Former nurse with hearing disability sues UPMC

By Jon Campisi | Nov 29, 2013

A Pennsylvania woman who formerly worked as a nurse for a University of

Pittsburgh Medical Center healthcare facility is suing over the loss of her job, a termination she alleges was discriminatory in nature.

Lynn Malaspina filed suit on Nov. 27 at the Western District of Pennsylvania against UPMC Community Medicine Inc., which does business as UPMC Burrell Medical Center, over her firing earlier this year.

The plaintiff claims she was discharged from her professional staff nurse position on Feb. 1 and demoted to a position that pays $1,000 less per month and requires “significant additional travel and inconvenience,” all because she was “no longer able to … engage in effective verbal communication with patients, coworkers, and providers,” reads the lawsuit, which was filed by Pittsburgh attorney Samuel J. Cordes.

Malaspina, who resides in New Kensington, Pa., says she suffers from an ailment called upward sloping sensorineural hearing loss bilaterally, which greatly limits her hearing.

Throughout her employment as a nurse for the defendant, Malaspina was often subjected to unwanted and offensive comments regarding his disability, according to her civil complaint.

A supervisor identified as Pam Newell, who is not named as a defendant in the litigation, ridiculed the plaintiff for her hearing loss and her difficulty hearing colleagues, the suit states, with Newell once allegedly exclaiming, “Oh My God!” when the plaintiff requested that Newell repeat a set of instructions.

Newell also told Malaspina that the plaintiff was a “liability just waiting to happen,” the lawsuit states.

The woman claims in her suit that in the fall of 2012, the defendant determined that she could no longer have any contact with patients due to her hearing disability.

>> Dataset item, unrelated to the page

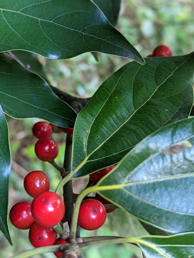 濃い綺麗な葉っぱの緑と真っ赤な実のコントラストが良いねぇ〜💚❤️

Malaspina requested that she be given a new telephone that captions all conversations as an accommodation for her disability, the suit says, but the defendant refused to consider the accommodation, instead informing the plaintiff that she would be removed from her position as a registered nurse.

The defendant also allegedly denied Malaspina’s request to be moved to an available “quiet office” so that distractions would not affect her hearing while she was talking on the phone.

When the plaintiff informed the defendant that she used to work for some of the best physicians at UPMC, the complaint states, her supervisor sarcastically said, “THAT was when you could hear!”

The complaint accuses the defendant of violating the Americans with Disabilities Act.

The suit contains counts of failure to accommodate and retaliation.

Malaspina seeks lost wages and benefits, in addition to damages for emotional distress, anxiety, humiliation and inconvenience.

She also seeks interest and attorney’s fees.


The federal case number is 2:13-cv-01695-AJS.